Your assignment: The line holding "Venga a descubrir" is the last one to output; start at the first line of the data, keep every line in between exactly, and leave out pictures.

Data:
--------------------------------------------------
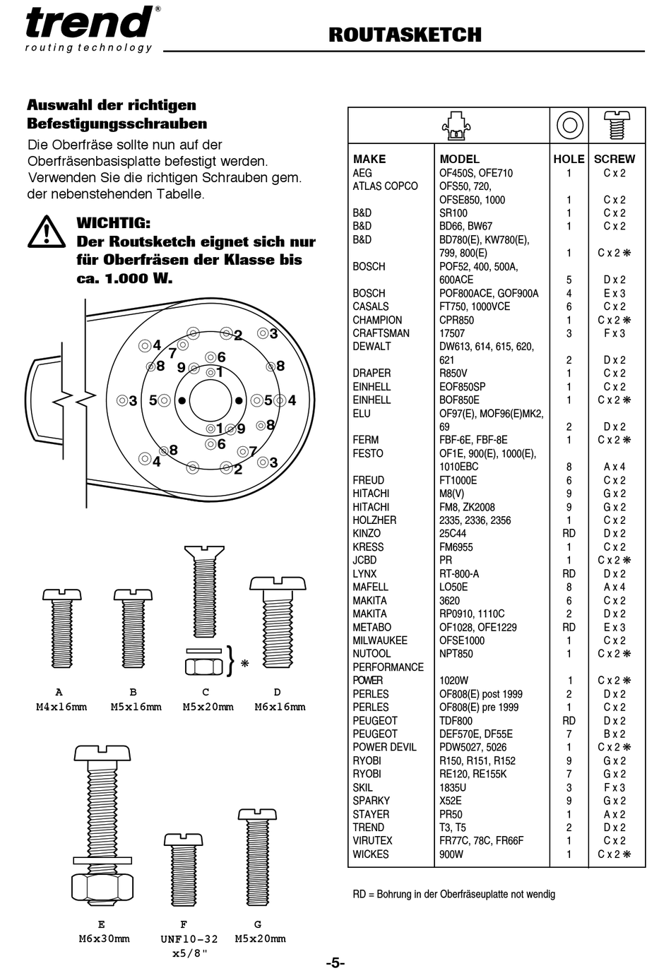 RD = Bohrung in der Oberfräseuplatte not wendig
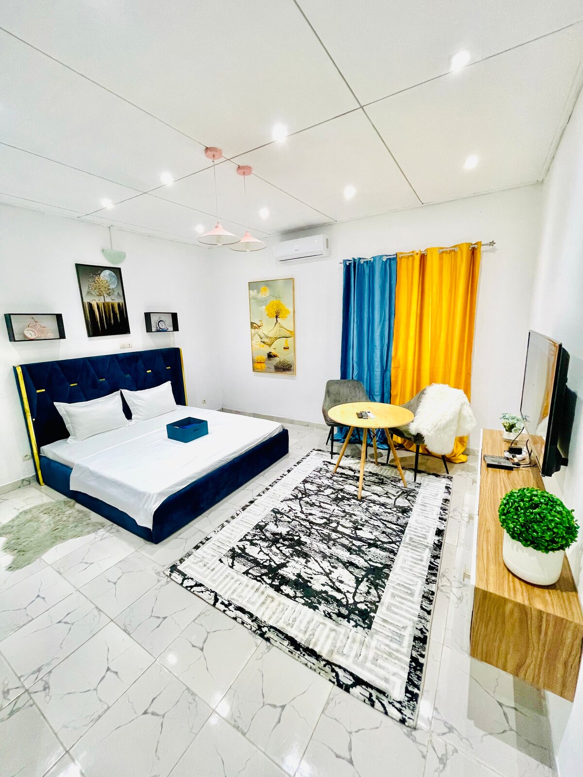 Venga a descubrir nuestro apartamento totalmente amueblado y equipado, ideal para una estadía corta o larga. ✅1 habitación con cuarto de baño y 1 despacho ✅1 Comedor ✅1 Sala de estar ✅1 Cocina ✅1 aseo de visitante ✅2 splits ✅ 1 Estacionamiento interno ✅servicio de vigilancia ✅ 1 Televisión ✅ 1 Wifi ✅1 Cocina totalmente equipada Estamos deseando darle la bienvenida en nuestro apartamento y ofrecerle una estancia cómoda,segura y agradable en Bouaké
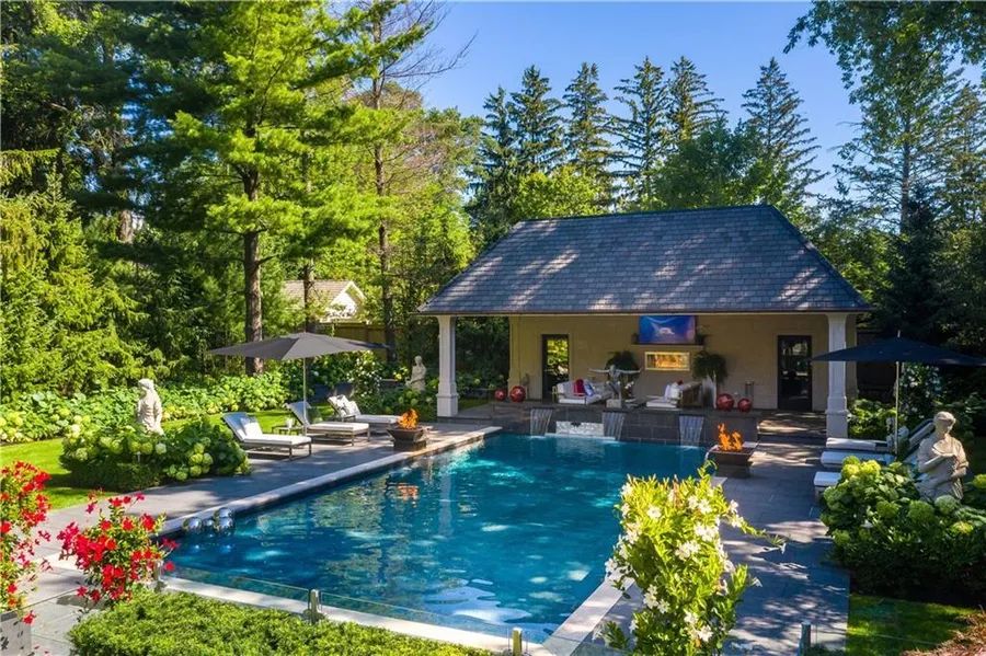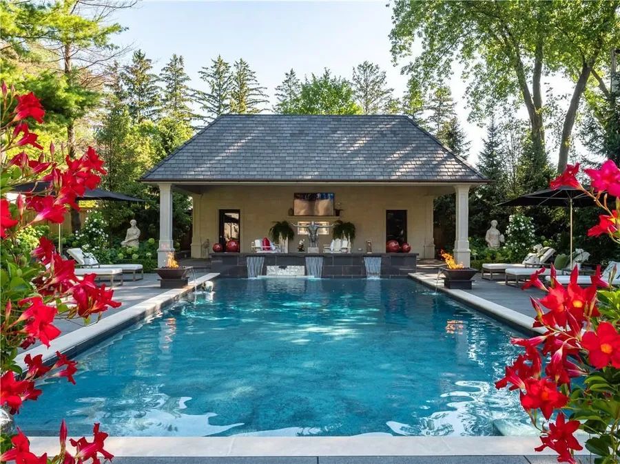 Drive Through The Gates And Discover The Grandeur Of This Palatial Estate 5 Beds | 7 Baths | 956 Sqm | 2,060 Sqm lot Oakville, Ontario, Canada PRICE: CA$ 11,750,000 15 Chartwell Road offers a lifestyle of unparalleled luxury. Drive through the gates and discover the grandeur of this palatial estate. South of Lakeshore,1 door from the lake on a half acre lot. Painstakingly curated, the contemporary limestone masterpiece you’ve been waiting for. Solid iron doors lead to a grand foyer revealing the opulent book matched marble floors. Floor to ceiling windows and French doors flood the house with light. Cascading waterfalls flank the hall. The Dining Room has statement lighting and servery making hosting a breeze. Soaring 18-foot ceilings and a grand gas fireplace are focal points of the Great Room, with captivating views of the resort style yard. Experience culinary excellence in the black lacquer and glass kitchen by NEFF that features top of the line appliances and a built in coffee machine and butler’s pantry. The intimate Living Room with fireplace is the ideal retreat. A main floor office with built-in cabinetry. 2 powder and 2 laundry rooms. The backyard oasis has a Gunite pool, waterfalls, fire bowls, covered terrace and outdoor kitchen and fireplace. The pool house has a change room,3-piece bath and servery. Towering trees surround the home and are positioned to create privacy. A stone driveway, circular fountain and lush gardens create a breathtaking landscape. Floating marble stairs divide the 3 levels of this home or, you can take the elevator. Skylights make the upstairs airy and bright. The principal suite has nearly 13-foot ceilings, an exquisite 6-piece ensuite and 2 walk-in closets. A private balcony overlooks the yard. 3 additional bedrooms have 10-foot ceilings, private ensuites and walk-in closets. The LL caters to all family members. A 5th bedroom/ensuite makes an ideal guest suite. Gym, R/I Golf Simulator, home theatre, Wine Cellar and doggie Spa. The Games and Rec Rooms have a 2nd kitchen and walkout. Heated garage, baths and LL floors. Automation. Designed by Bill Hicks and features the artistic creativity of the KT Design Group. Located on Oakville’s Street of Dreams, this is an iconic living space designed to impress. Property type: House Floors: 2 Year built: 2015 Price/sqm: $9,013 ——— RE/MAX Escarpment & Niagara Realty 502 Brant Street, Burlington, ON L7R 2G4, Canada Phone: +1 905.842.7677 Email: LUXURYEN@RMXEMAIL.NET CONTACT TEAM * ALEX IRISH (SALES REPRESENTATIVE) Phone: +1 905.842.7677
--------------------------------------------------
Exercise output:
 RD = Bohrung in der Oberfräseuplatte not wendig
 Venga a descubrir nuestro apartamento totalmente amueblado y equipado, ideal para una estadía corta o larga. ✅1 habitación con cuarto de baño y 1 despacho ✅1 Comedor ✅1 Sala de estar ✅1 Cocina ✅1 aseo de visitante ✅2 splits ✅ 1 Estacionamiento interno ✅servicio de vigilancia ✅ 1 Televisión ✅ 1 Wifi ✅1 Cocina totalmente equipada Estamos deseando darle la bienvenida en nuestro apartamento y ofrecerle una estancia cómoda,segura y agradable en Bouaké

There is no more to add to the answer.